# That one part in Tchaikovsky's 6th, why does it always make me jump?



## Manok (Aug 29, 2011)

I know it's coming, I even plan for it, but I still manage to jump every time it gets there, and it's the part in the first movement where it gets very quiet, and the music stops for a moment or two, then hits you with lots of brass and such, and it always manages to make me jump ever since I was a kid. I can't believe I'm still falling for it, why does it do this to me?


----------



## David Phillips (Jun 26, 2017)

I know the bit you mean, it makes me jump too. Worse of course when you're listening at home, at least when you're watching the orchestra at a concert you can see it coming.


----------



## Heck148 (Oct 27, 2016)

Manok said:


> I know it's coming, I even plan for it, but I still manage to jump every time it gets there, and it's the part in the first movement where it gets very quiet, and the music stops for a moment or two, then hits you with lots of brass and such, and it always manages to make me jump ever since I was a kid. I can't believe I'm still falling for it, why does it do this to me?


That's the transition from the Adagio mosso to the Allegro vivo [development] _ the famous pppppp_ part in the bassoon, which concludes the clarinet solo...most conductors forego the bassoon, and use bass clarinet - which preserves the clarinet timbre, and the bass clarinet can really get soft in that register. 
It's supposed to be shocking - for maximum firepower - try Reiner/CSO - the dynamic contrast is remarkable, and the short, intense_ FF_ chord is really stunning - this however, is surpassed shortly thereafter when the trumpets enter _FFF_....again, Reiner/CSO is unbelievable - the trumpets enter with an absolutely shattering blast on their high Bb, descending line. one of Tchaikovsky's best symphonic moments...amazing execution!!


----------



## EdwardBast (Nov 25, 2013)

Today I was walking along a ridge on which open rock alternated with conifer and birch forest. A tree had toppled along the side of the path and as I approached the root knot two grouse resting behind it loudly drummed their wings and took flight. Every time this happens I jump and feel a surge of adrenaline, even though I know what the sound is within milliseconds. Why? Because it's sudden, it's loud, and humans have a startle reflex. The Tchaikovsky does that to me too!


----------



## Pugg (Aug 8, 2014)

Manok said:


> I know it's coming, I even plan for it, but I still manage to jump every time it gets there, and it's the part in the first movement where it gets very quiet, and the music stops for a moment or two, then hits you with lots of brass and such, and it always manages to make me jump ever since I was a kid. I can't believe I'm still falling for it, why does it do this to me?

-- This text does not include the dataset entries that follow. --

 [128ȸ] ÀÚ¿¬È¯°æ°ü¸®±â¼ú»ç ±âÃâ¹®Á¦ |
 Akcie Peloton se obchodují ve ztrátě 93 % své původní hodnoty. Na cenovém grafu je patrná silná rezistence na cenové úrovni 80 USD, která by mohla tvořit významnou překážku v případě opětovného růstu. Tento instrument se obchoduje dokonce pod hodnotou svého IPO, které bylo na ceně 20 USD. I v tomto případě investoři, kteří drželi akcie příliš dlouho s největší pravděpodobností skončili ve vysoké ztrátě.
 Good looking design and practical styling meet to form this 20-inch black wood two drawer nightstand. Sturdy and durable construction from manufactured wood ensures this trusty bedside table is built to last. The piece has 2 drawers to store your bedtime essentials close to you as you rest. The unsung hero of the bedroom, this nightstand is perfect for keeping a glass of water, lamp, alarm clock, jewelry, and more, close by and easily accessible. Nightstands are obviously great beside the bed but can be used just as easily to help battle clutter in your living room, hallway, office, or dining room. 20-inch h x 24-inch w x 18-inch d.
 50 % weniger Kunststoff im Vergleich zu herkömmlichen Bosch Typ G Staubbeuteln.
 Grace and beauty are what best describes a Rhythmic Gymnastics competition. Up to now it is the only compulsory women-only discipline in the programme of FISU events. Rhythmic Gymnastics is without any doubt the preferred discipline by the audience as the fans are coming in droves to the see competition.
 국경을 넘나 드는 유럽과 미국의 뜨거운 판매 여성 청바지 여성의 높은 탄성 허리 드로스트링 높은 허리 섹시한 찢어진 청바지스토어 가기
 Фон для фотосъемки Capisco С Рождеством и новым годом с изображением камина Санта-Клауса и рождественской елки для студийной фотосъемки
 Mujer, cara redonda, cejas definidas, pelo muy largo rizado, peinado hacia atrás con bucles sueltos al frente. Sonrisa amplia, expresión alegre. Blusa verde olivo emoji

It's always nice to read things like this, makes me realise I am not alone with my music passion.


----------



## Gordontrek (Jun 22, 2012)

I still haven't forgotten the first time I ever heard it. Scared the bejeezus out of me. Then my allergies suddenly got really bad at the very end. Dang that Tchaikovsky and his emotional roller coasters.


----------



## Merl (Jul 28, 2016)

Yep it stills takes me aback too. Like you said, we know it's coming but still hits you between the eyes. That's why we love it.


----------



## techniquest (Aug 3, 2012)

What a lovely post - it reminds me that enjoying classical music doesn't have to be all intellectual and worthy.


----------



## SONNET CLV (May 31, 2014)

I've heard a lot of Tchaik Sixes, but I've never heard the _ff_ at measure 157 done better than on James Levine's recording with the Chicago Symphony Orchestra on RCA:









The rest of this performance is good, too. In fact, it has long been my favorite Tchaik Sixth ... and I've heard a lot of them.


----------



## Heck148 (Oct 27, 2016)

SONNET CLV said:


> I've heard a lot of Tchaik Sixes, but I've never heard the _ff_ at measure 157 done better than on James Levine's recording with the Chicago Symphony Orchestra on RCA:
> 
> View attachment 96470


Reiner taught them well!!


----------



## EarthBoundRules (Sep 25, 2011)

Haha, I was just listening to this yesterday and I jumped too.


----------